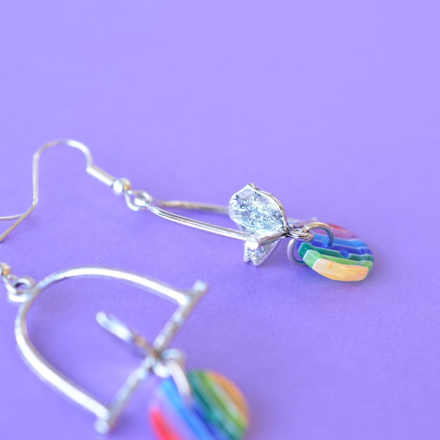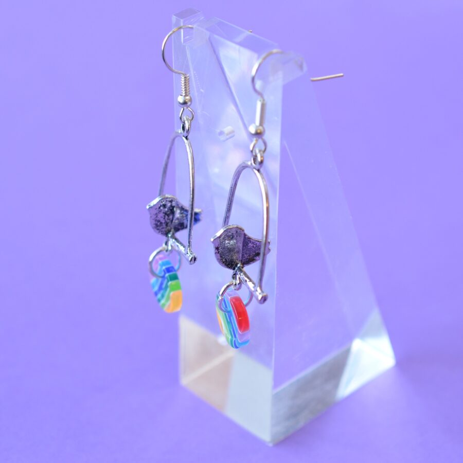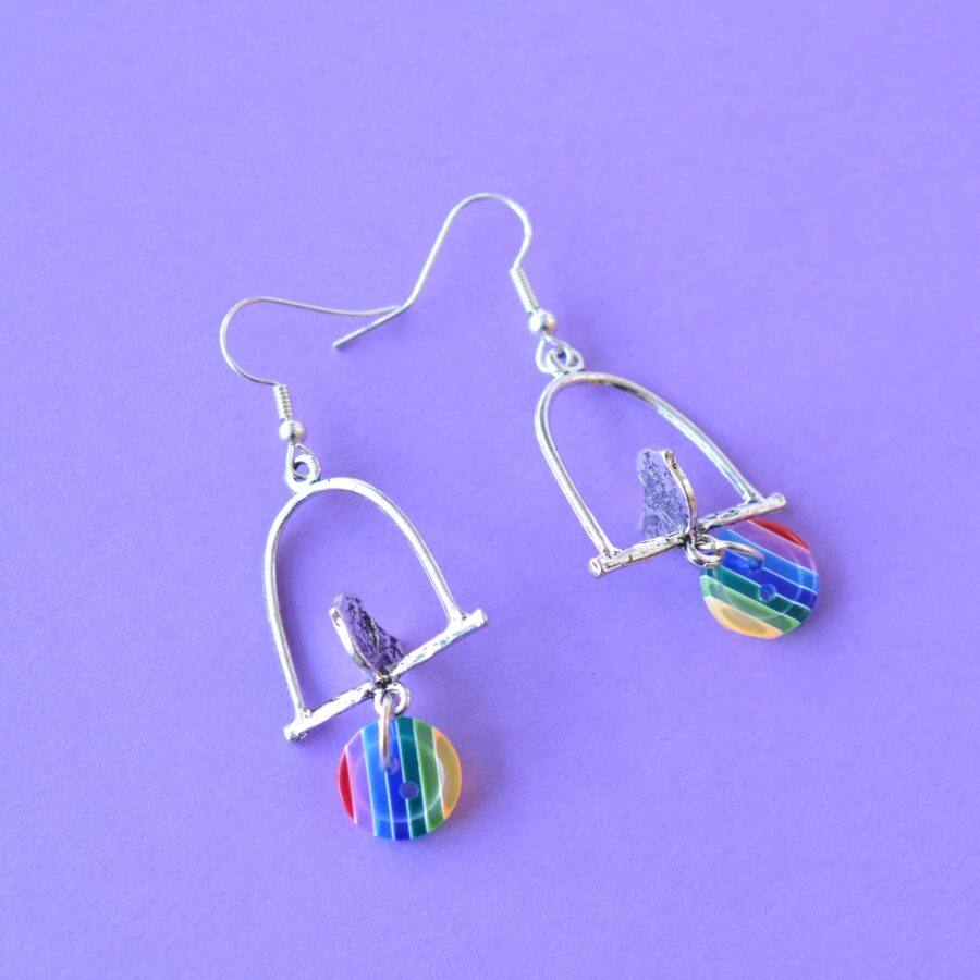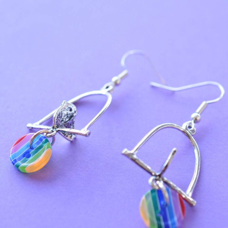 Cute silver bird on a perch with a small rainbow striped button dangling at the base. Ear findings are sterling silver, other findings are silver-plated. Full length of earring from top of the hook is approx. 5.5cm. Supplied in a gift pouch.
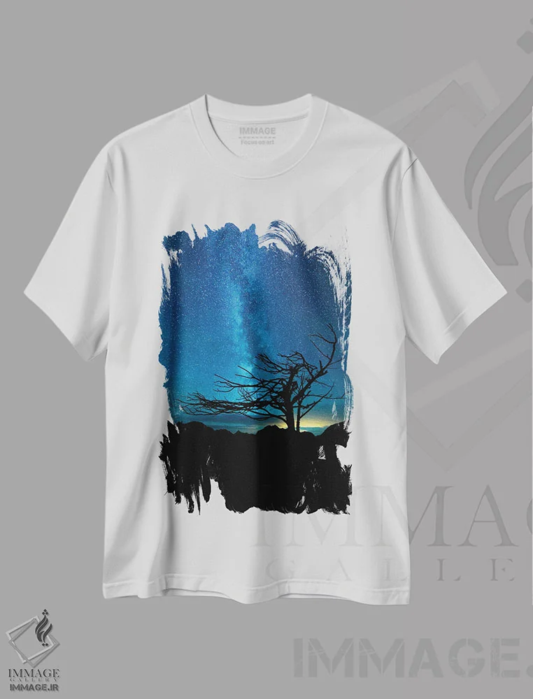 تیشرت سفید طرح دار آسمان شب، مدیوم اثر آدریان بوردَا | فروشگاه ایماژ تیشرت طرح دار آسمان شب اثر آدریان بوردَا
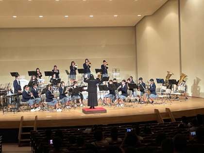 第27回定期演奏会1 吹奏楽部 公開日 2024/10/15 更新日 2024/10/15 学校の様子 10月14日(月・祝)、東部文化会館で、吹奏楽部の第27回定期演奏会が開催され、会場に駆けつけてくださった皆さんを素晴らしい演奏で楽しませてくれました。 また、3年生にとってはこの演奏会が中学校生活最後の舞台となります。3年間の思いのこもった演奏で、会場の皆さんに感動を与えてくれました!3年生の皆さん、お疲れさまでした!
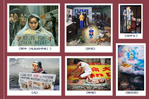 На картине «Почему?» (первый ряд справа) изображены узница совести с сыном в тюремной камере. Её израненные ноги в оковах дают людям понять очень глубокий и трагичный смысл картины. Выражение лица мальчика и его поза трогают зрителей до слёз. Все детали этого изображения подчеркивают жестокость компартии Китая (КПК) к практикующим Фалунь Дафа.
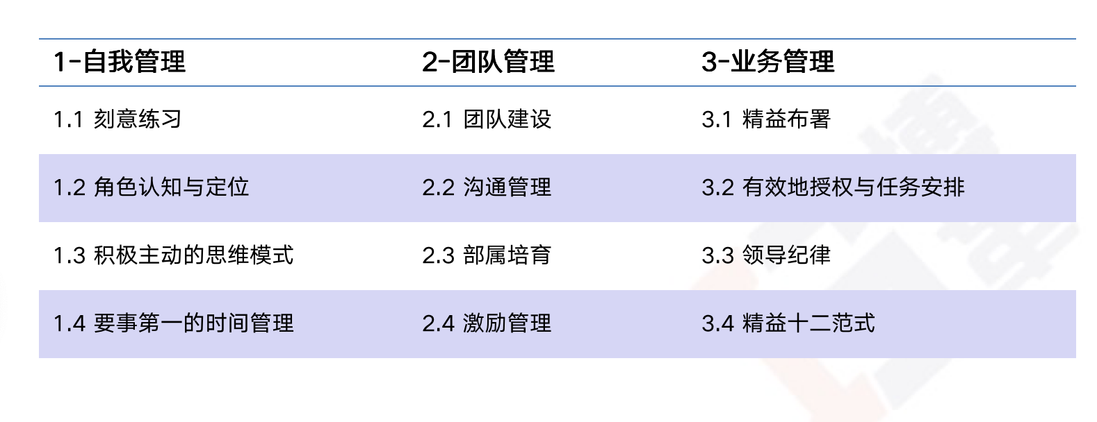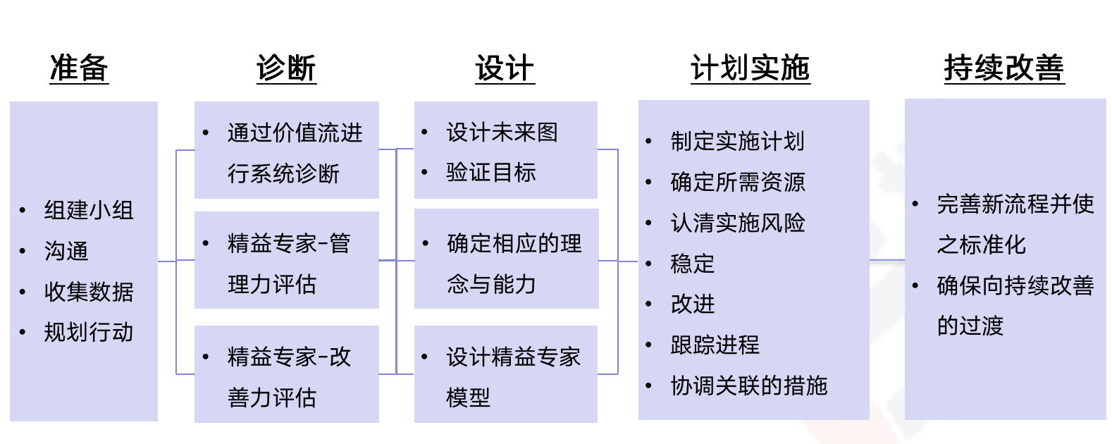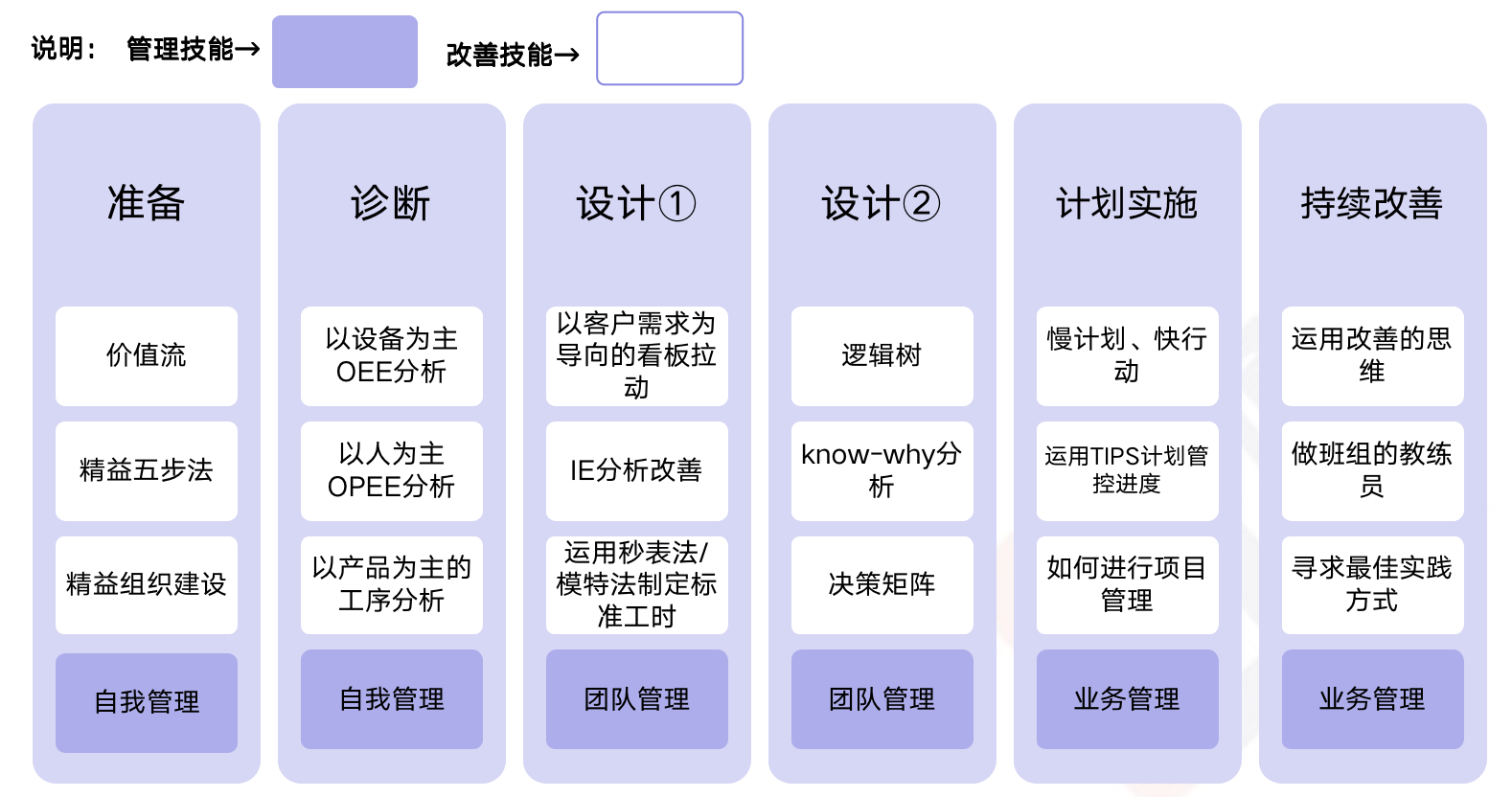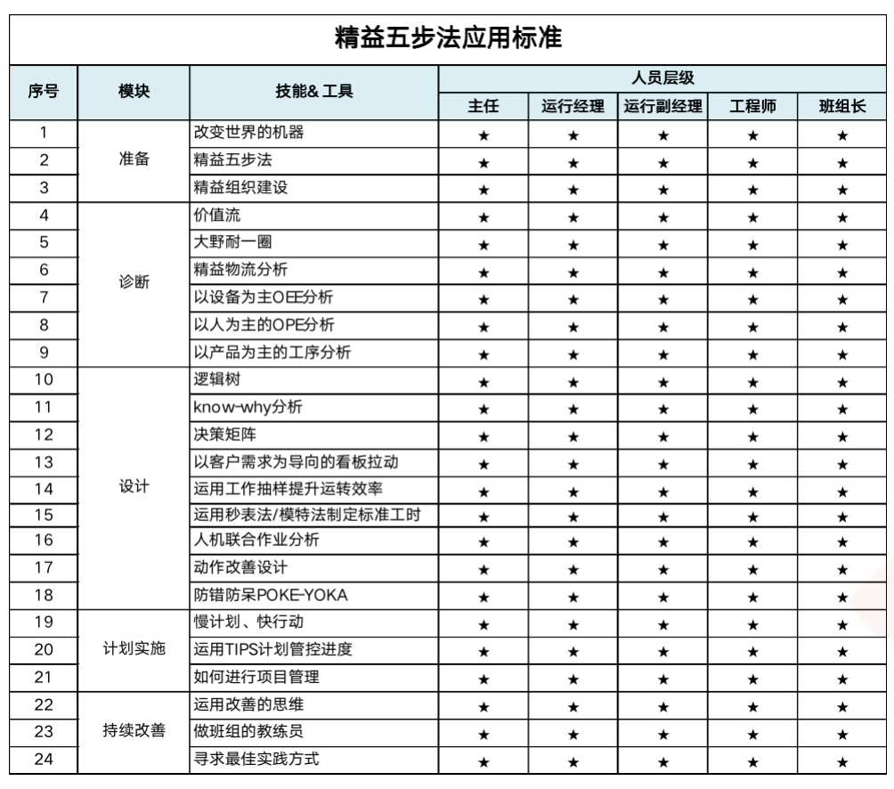 從精益五步法“準(zhǔn)備、診斷、設(shè)計(jì)、計(jì)劃實(shí)施、持續(xù)改善” 和自我管理、團(tuán)隊(duì)管理、業(yè)務(wù)管理等方面,梳理各層級(jí)人員應(yīng)該掌握的技能;
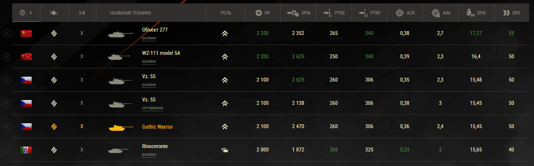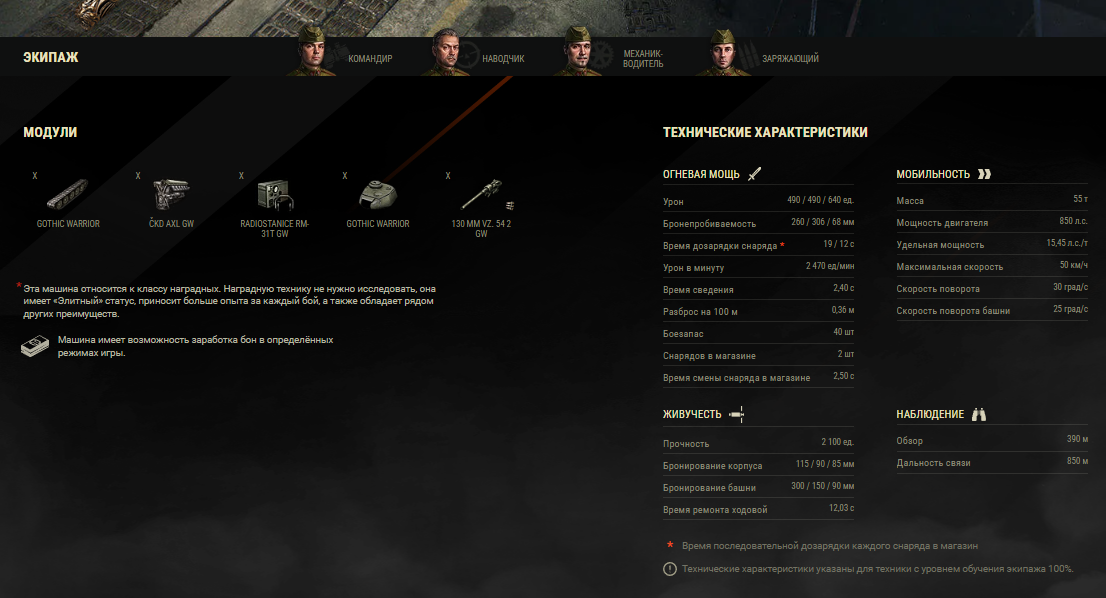 Эскизный проект тяжёлого танка конца 50-х – начала 60-х годов. Проект сочетал в себе наработки советской и чешской конструкторской мысли наряду с оригинальными решениями. Работы были свёрнуты в связи с унификацией образцов вооружения стран-участниц Организации Варшавского договора. Не было выпущено ни одного образца. В игре танк представлен на десятом уровне в виде тяжелого танка Чехословакии - Gothic Warrior. Является наградным танком за клановые ивенты Маневры и ГК. Игровые ТТХ Характеристики машины могут быть изменены без компенсации. Плюсы: Барабан на 2 снаряда по 490 урона с возможностью дозарядки. Хорошее точность и время сведение (по сравнению с Vz. 55 на барабане). Хорошая стабилизация (с оборудованием). Никаких проблем досвестись между выстрелами. Неплохая подвижность для тяжелого танка. Общая универсальность танка. Минусы: Малое количество ХП - всего 2100 в базе. Невысокое бронирование корпуса, а также уязвимая ком. башенка. Слабое пробитие премиумным снарядом - всего 306 мм. Мауса пробить будет сложно. Неудобство с механикой дозарядки. Очень хочется в бою выстрелить первый снаряд не дожидаясь второго. Общая зависимость от союзников. Танк не самодостаточный. Сравнение с одноклассниками: Танк примерно соответствует Vz.55 с орудием без барабана по точности/сведению и ДПМ, но имеет возможность выдать барабан на 2 снаряда. Порядок прокачки модулей Как и абсолютное большинство техники 10-го уровня не нуждается в прокачке. Полевая модернизация По классу относится к "Тяжелым танки прорыва". Непосредственно прокачка ПМ даёт постоянный бонус +3% к запасу прочности танка и +2% мощности двигателя. Первые три уровня парных модернизаций идентичны все СТ: Вездеходная ходовая (7,5% проходимости) / Облегченная ходовая (5% скорости поворота, 10% скорости ремонта) - однозначно проходимость. Отстройка параллакса (2% точности) / Притирка шестерней наведения( 5% время сведения) - субъективно, точности и так достаточно для игры на средние дистанции, сведения для барабана не может быть лишним. Но и обратное тоже может быть. Если брать ПМ на максимальную скорость рекомендую всё-таки сведение. Звукоизоляция (10% времини оглушения) / Электропривод перископа (3% обзора) - однозначно обзор. Перераспределение питания Схема 1 (4 км/ч максимальная скорость вперед) / Схема 2 ( 5% сведения, 7% скорость поворота башни) - я бы выбрал скорость, но сведение тоже неплохо. Если не играть как СТ, а ездить с тяжами, то можно и сведение. Усиленная платформа (2% ХП) / Облегченная платформа (4% стабилизации движения и поворота ходовой) - Мне кажется ХП лучше, стабилизацию можно получить другим путем. Оборудование Варианты установки оборудования: Маневренный билд 1: Вентиляция, Турбина, Стабилизатор/СУО. Максимальную скорость с турбиной и ПМ можно довести до 59/60 км. Маневренный билд 2: СУО, Турбина, Стабилизатор. Максимальную скорость с турбиной и ПМ можно довести до 59/60 км. Чуть меньше ДПМ, значительно больше точность. Билд комфорта огня: УПМ, Стабилизатор, СУО. Билд на максимальную стабилизацию для гарантированной выдачи барабана. Универсальный билд: Вентиляция, Стабилизатор, СПМ/СУО. Просто рабочая лошадка. Прочность и скорость: Закалка, Турбина, Вентиляция. Альтернативный вариант, если ПМ прокачена и по опыту вам хватает Стабилизации на реализацию, можно попытать увеличить прочность (до 2490 ХП абсолютный

■ PROBLEM DESCRIPTION ■
Output the records above in their entirety and exactly, leaving out all images.

■ SOLUTION FOR THIS TASK ■
 Cute silver bird on a perch with a small rainbow striped button dangling at the base. Ear findings are sterling silver, other findings are silver-plated. Full length of earring from top of the hook is approx. 5.5cm. Supplied in a gift pouch.
 تیشرت سفید طرح دار آسمان شب، مدیوم اثر آدریان بوردَا | فروشگاه ایماژ تیشرت طرح دار آسمان شب اثر آدریان بوردَا
 第27回定期演奏会1 吹奏楽部 公開日 2024/10/15 更新日 2024/10/15 学校の様子 10月14日(月・祝)、東部文化会館で、吹奏楽部の第27回定期演奏会が開催され、会場に駆けつけてくださった皆さんを素晴らしい演奏で楽しませてくれました。 また、3年生にとってはこの演奏会が中学校生活最後の舞台となります。3年間の思いのこもった演奏で、会場の皆さんに感動を与えてくれました!3年生の皆さん、お疲れさまでした!
 На картине «Почему?» (первый ряд справа) изображены узница совести с сыном в тюремной камере. Её израненные ноги в оковах дают людям понять очень глубокий и трагичный смысл картины. Выражение лица мальчика и его поза трогают зрителей до слёз. Все детали этого изображения подчеркивают жестокость компартии Китая (КПК) к практикующим Фалунь Дафа.
 從精益五步法“準(zhǔn)備、診斷、設(shè)計(jì)、計(jì)劃實(shí)施、持續(xù)改善” 和自我管理、團(tuán)隊(duì)管理、業(yè)務(wù)管理等方面,梳理各層級(jí)人員應(yīng)該掌握的技能;
 Эскизный проект тяжёлого танка конца 50-х – начала 60-х годов. Проект сочетал в себе наработки советской и чешской конструкторской мысли наряду с оригинальными решениями. Работы были свёрнуты в связи с унификацией образцов вооружения стран-участниц Организации Варшавского договора. Не было выпущено ни одного образца. В игре танк представлен на десятом уровне в виде тяжелого танка Чехословакии - Gothic Warrior. Является наградным танком за клановые ивенты Маневры и ГК. Игровые ТТХ Характеристики машины могут быть изменены без компенсации. Плюсы: Барабан на 2 снаряда по 490 урона с возможностью дозарядки. Хорошее точность и время сведение (по сравнению с Vz. 55 на барабане). Хорошая стабилизация (с оборудованием). Никаких проблем досвестись между выстрелами. Неплохая подвижность для тяжелого танка. Общая универсальность танка. Минусы: Малое количество ХП - всего 2100 в базе. Невысокое бронирование корпуса, а также уязвимая ком. башенка. Слабое пробитие премиумным снарядом - всего 306 мм. Мауса пробить будет сложно. Неудобство с механикой дозарядки. Очень хочется в бою выстрелить первый снаряд не дожидаясь второго. Общая зависимость от союзников. Танк не самодостаточный. Сравнение с одноклассниками: Танк примерно соответствует Vz.55 с орудием без барабана по точности/сведению и ДПМ, но имеет возможность выдать барабан на 2 снаряда. Порядок прокачки модулей Как и абсолютное большинство техники 10-го уровня не нуждается в прокачке. Полевая модернизация По классу относится к "Тяжелым танки прорыва". Непосредственно прокачка ПМ даёт постоянный бонус +3% к запасу прочности танка и +2% мощности двигателя. Первые три уровня парных модернизаций идентичны все СТ: Вездеходная ходовая (7,5% проходимости) / Облегченная ходовая (5% скорости поворота, 10% скорости ремонта) - однозначно проходимость. Отстройка параллакса (2% точности) / Притирка шестерней наведения( 5% время сведения) - субъективно, точности и так достаточно для игры на средние дистанции, сведения для барабана не может быть лишним. Но и обратное тоже может быть. Если брать ПМ на максимальную скорость рекомендую всё-таки сведение. Звукоизоляция (10% времини оглушения) / Электропривод перископа (3% обзора) - однозначно обзор. Перераспределение питания Схема 1 (4 км/ч максимальная скорость вперед) / Схема 2 ( 5% сведения, 7% скорость поворота башни) - я бы выбрал скорость, но сведение тоже неплохо. Если не играть как СТ, а ездить с тяжами, то можно и сведение. Усиленная платформа (2% ХП) / Облегченная платформа (4% стабилизации движения и поворота ходовой) - Мне кажется ХП лучше, стабилизацию можно получить другим путем. Оборудование Варианты установки оборудования: Маневренный билд 1: Вентиляция, Турбина, Стабилизатор/СУО. Максимальную скорость с турбиной и ПМ можно довести до 59/60 км. Маневренный билд 2: СУО, Турбина, Стабилизатор. Максимальную скорость с турбиной и ПМ можно довести до 59/60 км. Чуть меньше ДПМ, значительно больше точность. Билд комфорта огня: УПМ, Стабилизатор, СУО. Билд на максимальную стабилизацию для гарантированной выдачи барабана. Универсальный билд: Вентиляция, Стабилизатор, СПМ/СУО. Просто рабочая лошадка. Прочность и скорость: Закалка, Турбина, Вентиляция. Альтернативный вариант, если ПМ прокачена и по опыту вам хватает Стабилизации на реализацию, можно попытать увеличить прочность (до 2490 ХП абсолютный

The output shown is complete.